The $373 billion California Public Employees’ Retirement System (CalPERS), and investment management firm Wellington Management have launched a framework designed to help companies assess and disclose the potential risks of climate change on their business.
The framework is intended to improve how companies disclose their physical vulnerabilities and help asset owners and investment managers better evaluate . how companies they invest in will be able to adapt to risks.
“It is critical for us to understand how our companies are planning to adapt to the physical risks of climate change,” Beth Richtman, CalPERS’ managing investment director of sustainable investments, said in a statement.
Richtman said that without this information CalPERS can only guess what, if any, steps a company has taken to prepare for the future. “To date, we find financial disclosures have a long way to go in order to provide the type of information that we would find impactful to our investment process,” she added.
The framework is the product of a collaborative initiative formed last September between the two institutional investors, who define physical risks as inclusive of – but not limited to – extreme heat, drought, wildfires, hurricanes, flooding, and water access.

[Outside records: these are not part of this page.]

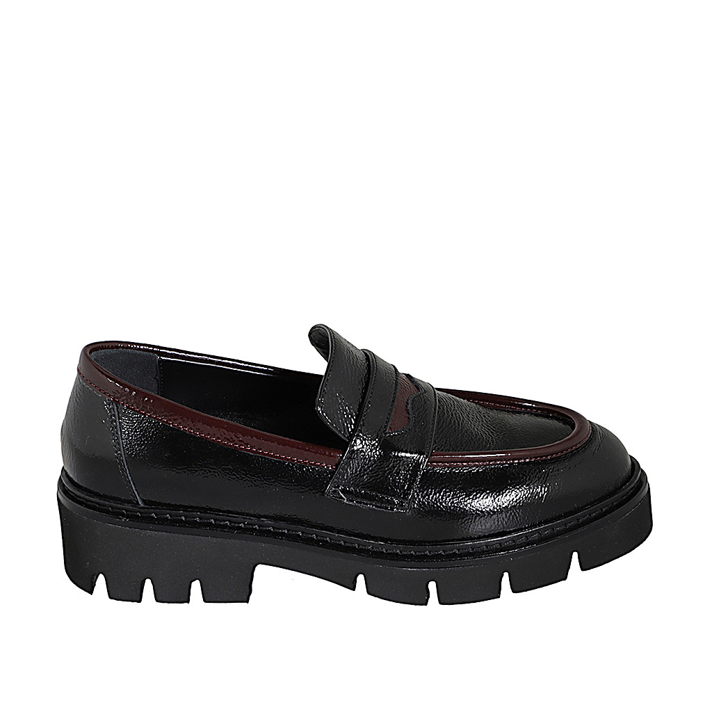 Mocassino a punta da donna con accessorio in pelle nera tacco 1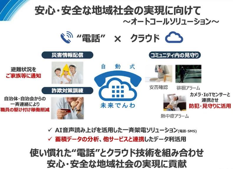 災害時に備えた無料公衆設置の実動訓練および、災害伝言ダイヤル(171)やオートコールソリューション、Web113等の周知活動を行うことで、万が一の災害に備えてこれからも「つなぎ続ける使命」を果たすため、ネットワークの信頼性向上・重要通信の確保・サービスの早期復旧に取り組み、地域の皆さまの安心・安全に努めていきます。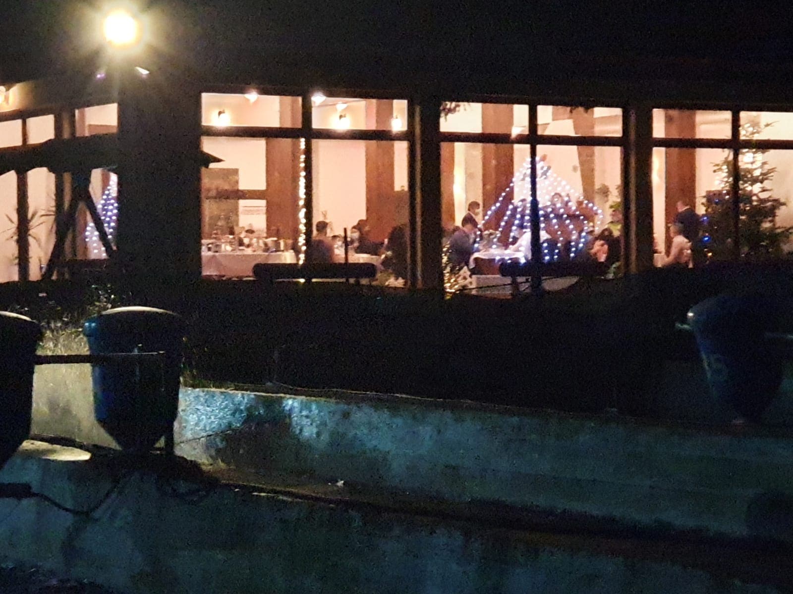 Trei echipaje de Poliție au mers la fața locului după ce s-a făcut o sesizare, iar administratorul pensiunii a precizat că era vorba despre o nuntă. El a fost amendat cu 10.000 de lei.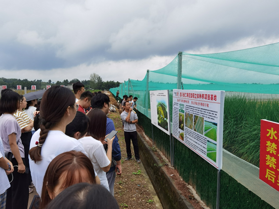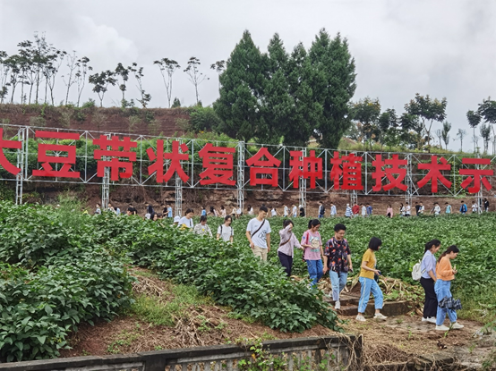 下午,一行人在带领下来到了坐落于丘陵地区的玉米-大豆带状复合种植技术集成研究与示范基地。丘陵地区的土地分散破碎,在流转整治后,技术人员选用优良大豆品种,运用绿色先进的农业生产技术科学播种、合理施肥,并充分发挥间套种植、生物农业的优越性,以达到高产高效。在地头间,雍太文教授就生态农业管理的重要性与方法做了进一步解释,加深了同学们对绿色生态农业的学习与理解。最后,同学们来到了稻蛙立体种养基地,参观了解了种养技术的综合应用。基地内的水旱轮作,提高了物质的循环利用,其高产、高效、绿色、安全的生产模式,使农民和企业的积极性被充分调动,彻底改变了农民、农业、农村的面貌。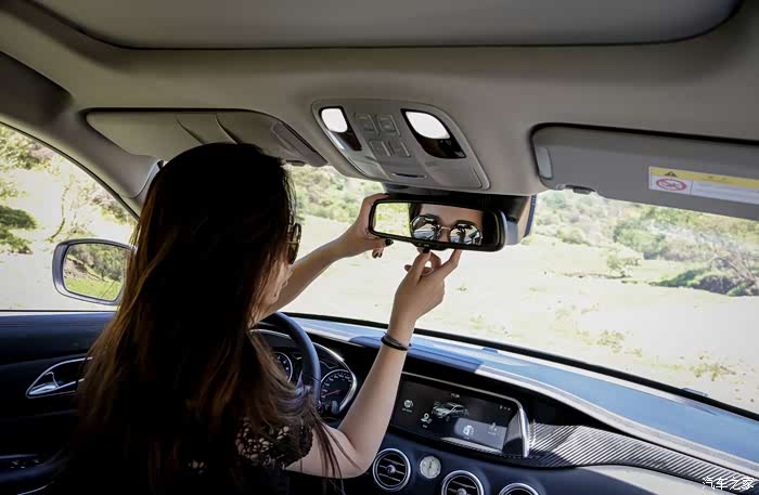 那等等我补个妆。后视镜调节非常便利我都不用打开遮光板上的化妆镜了。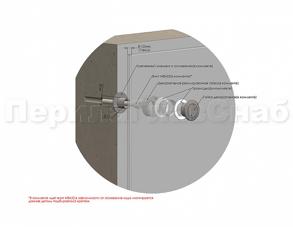 Корпус стеклодержателя приваривают или прикрепляют на саморез, либо штатный винт к стене. А в стекле делают отверстие Ø28 мм под шток стеклодержателя. Толщина стекла варьируется в диапазоне от 8 до 12 мм. Для затягивания гайки рекомендуем использовать ключ k367-2.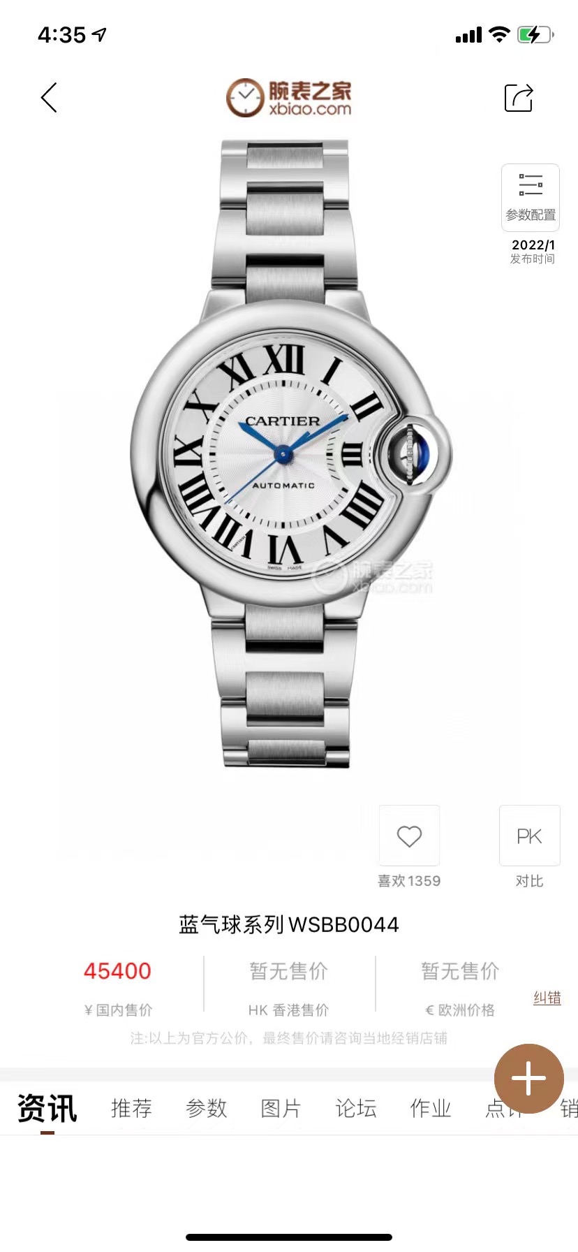 卡地亚蓝气球BALLON BLANC DE CARTIERWSBB0044机械女性

The aim is for the framework to act as a guide for management teams to disclose how they identify, measure, and manage their exposures to these newly recognized risks. CalPERS and Wellington said the guide can help companies better relay information to capital providers, investors, markets, and regulators; meet disclosure requirements more effectively; recognize and adapt to the effects of climate change on operations; form a baseline for comparing and testing assumptions against industry counterparts; and assure investors that they take these risks seriously.
Wellington said that according to its research, many companies overlook and underreport climate-related physical risks that can be material and important to disclose to stakeholders.
The guide provides information on the different types of climate risks, and their potential effects on businesses. For example, extreme heat can damage roads, buildings, and transit infrastructure, and devastate agricultural industries. As a result, businesses may need to increase capital spending for maintenance and replacement of equipment and inventory. They may need to install sensors or other devices to measure how well their infrastructure, operations, crops, or livestock can withstand high temperatures. And they may even have to shift the geographies of their supply chains.
Drought can affect the availability, access, and pricing of water and food, and can increase costs for companies that rely on water for production or transportation. It can also hinder hydropower generation and the stability of agricultural production. Sea-level rise is one of the most significant longer-term risks, according to the framework.
“Unmitigated, its potential for destruction of coastal residential and commercial property is significant,” framework authors write, “as is the potential impact of forced or voluntary human migration and the impact on infrastructure, municipalities, and economic growth. Companies may need to adapt or relocate operations, at substantial cost.”
Wildfires, hurricanes, and flooding also disrupt business operations by damaging property or inventory, or by causing power outages or government-service shutdowns. The framework says that such events can keep customers away or prevent shipments or transport. Additionally, they may also contaminate soil and water, which could degrade consumer confidence in agricultural products and create consumer health risks.